One can show (see here) that for a Noetherian integral domain, the following are equivalent:
- $R$ is integrally closed; and
- $\text{End}_R(I) = R$ for all nonzero ideals $I$.
Is the following condition also equivalent?
- $\text{End}_R(\mathfrak{p}) = R$ for all nonzero prime ideals $\mathfrak{p}$.

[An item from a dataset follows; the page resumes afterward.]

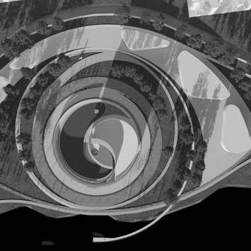 受到东方太极阴阳相生的启发,我们设想了一个带有神秘主义色彩的抽象的建筑体,在它将建筑与水景景观 融合的同时也对其所在的场地环境产生某种精神层面的回应,它似乎充满了柔美滋润的气质与天地发生了对 话,水中月,天中月,身处建筑空间之中一时间已分不清哪个月更亮,哪个月更圆,天边水镜的气氛中诗意 的体会月有阴晴圆缺,感悟生命的大美。

The proof of (2) $\Rightarrow$ (1) that I know (and hopefully this is correct!) is as follows:
We show that $R$ is completely integrally closed, which is equivalent to integrally closed when $R$ is Noetherian. Let $Q$ be the fraction field of $R$: suppose that $q \in Q$ is almost integral, so there exists $0 \neq a \in R$ such that $a q^n \in R$ for all $n \geqslant 0$. Set $T = R[q]$, and $I = \{ x \in R \mid xT \subseteq R \}$, which is nonzero since $a \in I$. Then we have a chain of inclusions $$ R \subseteq T \subseteq \text{End}_R(I) = R $$ so that $R = T$, forcing $q \in R$, which means that $R$ is completely integrally closed.
Assuming this isn't flawed, if I can show that the ideal $I$ is prime, then I'm done. However, I can't see why this should be the case.